Johnson has been strong in net when called upon since Boudreau was put in charge. He is 5-1 in his seven appearances and has not allowed more than three goals in any of them. Since the coaching change, Johnson has a 2.05 goals against average and a .926 save percentage.

The 30-year-old goaltender also won his third straight home start in a span of nine days. Johnson had only one other start at Verizon this season — a 2-1 loss to Pittsburgh on Oct. 20.

“I felt really good tonight, but we had efforts from every guy,” Johnson said. “It could have gone either way tonight and we had guys pick up their socks and score a goal there.”

Brooks Laich put Washington in front at the 13:05 mark of the opening period. Laich redirected a slap shot from Ovechkin one second before a hooking penalty assessed to Toronto’s Ian White was set to expire.

It was Laich’s eighth goal of the season — which ties his career high — and his first in 10 games.

After a scoreless second period, Boyd Devereaux tied the score 1-1 for the Maple Leafs.

But the Caps would have an answer 36 seconds later. Nicklas Backstrom fed Ovechkin for a one-timer near the right faceoff circle. Toronto goaltender Vesa Toskala made the stop, but the rebound went right to Viktor Kozlov and he calmly slid it into the open net for his ninth marker of the season.

Toronto’s best chance to force overtime came in the final minutes.

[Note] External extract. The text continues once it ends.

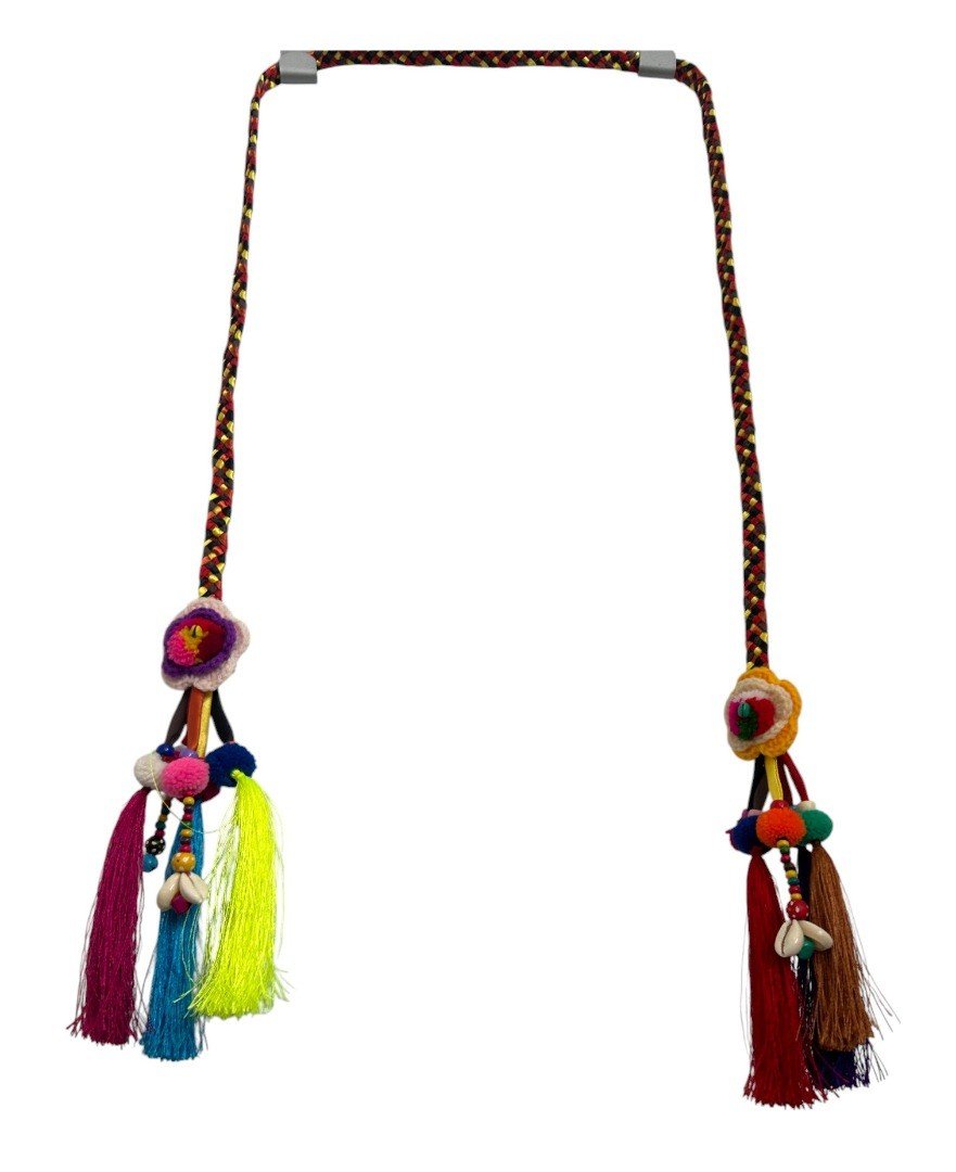 A beautiful Handmade Hmong Necklace, sourced from the tribal people who live in Northern Thailand / Laos /China. These colourful neck pieces are all unique, and can be decorated with sequins, beads, seeds, pompoms and other bright and colourful trinkets. Each one is unique, please note that you may not receive the exact one pictured – there are a few pictures to show the typical differences you might receive. This is for only ONE necklace, the different pics are to show a typical variation you might expect. These are beautiful to stand out and be different, to wear for festivals / parties or just to add a splash of colour, boho and hippy -ness to your outfit. We paid a fair trade price to the maker, to reflect the time to make these intricate pieces by hand. full length approx 150cm -160cm weight 55g approx A beautiful Handmade Hmong Necklace, sourced from the tribal people who live in Northern Thailand / Laos /China. These colourful neck pieces are all unique, and can be decorated with sequins, beads, seeds, pompoms and other bright and colourful trinkets. Each one is unique, please note that you may not receive the exact one pictured – there are a few pictures to show the typical differences you might receive. These are beautiful to stand out and be different, to wear for festivals / parties or just to add a splash of colour, boho and hippy -ness to your outfit. full length approx 150cm -160cm weight 55g approx We paid a fair trade price to the maker, to reflect the time to make these intricate pieces by hand. This is for only ONE necklace, the different pics are to show a typical variation you might expect. We sell a colourful range of hats and accessories, please explore our shop to find prized hats of fruit, flower, fauna, pixie, wizard, rainbow, animal and many more.

After a boarding penalty on David Steckel, the Maple Leafs sent Toskala to the bench and had a 6-on-4 advantage for 1:20, but Johnson turned aside both shots on net and one from Mats Sundin with 10 seconds left after Steckel left the box.

“Last game, Toskala save the game for Toronto and today Johnnie save the game for us,” Ovechkin said.

Note — Left wing Donald Brashear signed a one-year, $1.2 million contract extension before the game. Brashear, who turned 36 earlier this month, has three goals and six points and leads the team with 72 penalty minutes.

A team spokesman said the negotiations took “about five minutes” and Brashear did not have an agent present. He is making $1.1 million this season.

“Whether the physical play in the NHL is down, I think it is nice to have the biggest dog on the block on your team, and I think we do,” Boudreau said. “He’s been a great contributor other than just from a physical presence.”